So, there are many tables here, but it turns out (for local authentication) the user table has pretty much what we need. Here is the schema for the user table:

sqlite> .schema user
CREATE TABLE `user` (
  `id` INTEGER PRIMARY KEY AUTOINCREMENT NOT NULL, 
  `lower_name` TEXT NOT NULL, 
  `name` TEXT NOT NULL, 
  `full_name` TEXT NULL, 
  `email` TEXT NOT NULL, 
  `keep_email_private` INTEGER NULL, 
  `email_notifications_preference` TEXT DEFAULT 'enabled' NOT NULL, 
  `passwd` TEXT NOT NULL, 
  `passwd_hash_algo` TEXT DEFAULT 'pbkdf2' NOT NULL, 
  `must_change_password` INTEGER DEFAULT 0 NOT NULL, 
  `login_type` INTEGER NULL, 
  `login_source` INTEGER DEFAULT 0 NOT NULL, 
  `login_name` TEXT NULL, 
  `type` INTEGER NULL, 
  `location` TEXT NULL, 
  `website` TEXT NULL, 
  `rands` TEXT NULL, 
  `salt` TEXT NULL, 
  `language` TEXT NULL, 
  `description` TEXT NULL, 
  `created_unix` INTEGER NULL, 
  `updated_unix` INTEGER NULL, 
  `last_login_unix` INTEGER NULL, 
  `last_repo_visibility` INTEGER NULL, 
  `max_repo_creation` INTEGER DEFAULT -1 NOT NULL, 
  `is_active` INTEGER NULL, 
  `is_admin` INTEGER NULL, 
  `allow_git_hook` INTEGER NULL, 
  `allow_import_local` INTEGER NULL, 
  `allow_create_organization` INTEGER DEFAULT 1 NULL, 
  `prohibit_login` INTEGER DEFAULT 0 NOT NULL, 
  `avatar` TEXT NOT NULL, 
  `avatar_email` TEXT NOT NULL, 
  `use_custom_avatar` INTEGER NULL, 
  `num_followers` INTEGER NULL, 
  `num_following` INTEGER DEFAULT 0 NOT NULL, 
  `num_stars` INTEGER NULL, 
  `num_repos` INTEGER NULL, 
  `num_teams` INTEGER NULL, 
  `num_members` INTEGER NULL, 
  `visibility` INTEGER DEFAULT 0 NOT NULL, 
  `repo_admin_change_team_access` INTEGER DEFAULT 0 NOT NULL, 
  `diff_view_style` TEXT DEFAULT '' NOT NULL, 
  `theme` TEXT DEFAULT '' NOT NULL
);
CREATE UNIQUE INDEX `UQE_user_name` ON `user` (`name`);
CREATE UNIQUE INDEX `UQE_user_lower_name` ON `user` (`lower_name`);
CREATE INDEX `IDX_user_created_unix` ON `user` (`created_unix`);
CREATE INDEX `IDX_user_updated_unix` ON `user` (`updated_unix`);
CREATE INDEX `IDX_user_last_login_unix` ON `user` (`last_login_unix`);
CREATE INDEX `IDX_user_is_active` ON `user` (`is_active`);

Examining the schema, we see that the information we probably need to authenticate users is likely stored entirely in this table.

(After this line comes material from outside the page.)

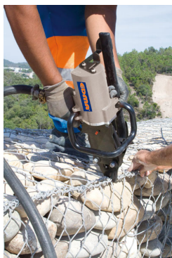
Turbo 50 Gabion

Adaptable sur tous types de perceuses-visseuses, la PowerGraf est une agrafeuse spécialement conçue pour la mise en œuvre de clôtures. Son magasin peut contenir jusqu'à 55 agrafes de type Omega 20 et Delta 22. Pour améliorer encore plus son caractère préventif de TMS, ce magasin peut se positionner d'un côté ou l'autre de l'agrafeuse selon que l'opérateur soit droitier ou gaucher.

Great! We probably want to pay attention to the name, passwd (probably the hash value), passwd_hash_algo, type, salt, is_active, and prohibit_login columns. A quick dump of the users yields user records such as:

sqlite> select * from user;
                            id = 1
                    lower_name = foobar
                          name = Foobar
                     full_name = Foo Bar
                         email = foo@bar.com
            keep_email_private = 0
email_notifications_preference = enabled
                        passwd = 056577a98e56c10f7084f2916c163785e409d3fb9f8f5251ec747f24d639f6ae73750f29da068a090ef24c4bfc115deb178c
              passwd_hash_algo = pbkdf2
          must_change_password = 0
                    login_type = 0
                  login_source = 0
                    login_name = 
                          type = 0
                      location = 
                       website = 
                         rands = CGkQd8yAmC
                          salt = oZM0lIBZQz
                      language = en-US
                   description = 
                  created_unix = 1574639131
                  updated_unix = 1574639131
               last_login_unix = 1574639131
          last_repo_visibility = 0
             max_repo_creation = -1
                     is_active = 1
                      is_admin = 0
                allow_git_hook = 0
            allow_import_local = 0
     allow_create_organization = 1
                prohibit_login = 0
                        avatar = c8af9bdacc70eceaade55fe2b572daa3
                  avatar_email = foo@bar.com
             use_custom_avatar = 0
                 num_followers = 999
                 num_following = 999
                     num_stars = 999
                     num_repos = 999
                     num_teams = 0
                   num_members = 0
                    visibility = 0
 repo_admin_change_team_access = 0
               diff_view_style = 
                         theme = gitea

A couple of things to notice here, is that this (fake) user and all of the users in the gitea database by default use the pbkdf2 hashing algorithm, which is fortunately relatively strong and pretty common (Python’s built-in hashlib comes with support for pbkdf2 out of the box). If you count the number of hex characters in the password string, you’ll notice it’s 100 characters long; 100 hex characters is equivalent to a length 50 byte string, so while the user table doesn’t indicate the hash value length explicitly, we can assume it’s probably generating 50 byte hashes. We see the salt in the record as well; the only questions now are how many rounds the hash algorithm does, and what is the base hashing algorithm used by pbkdf2 (this is often SHA-1 or SHA-256).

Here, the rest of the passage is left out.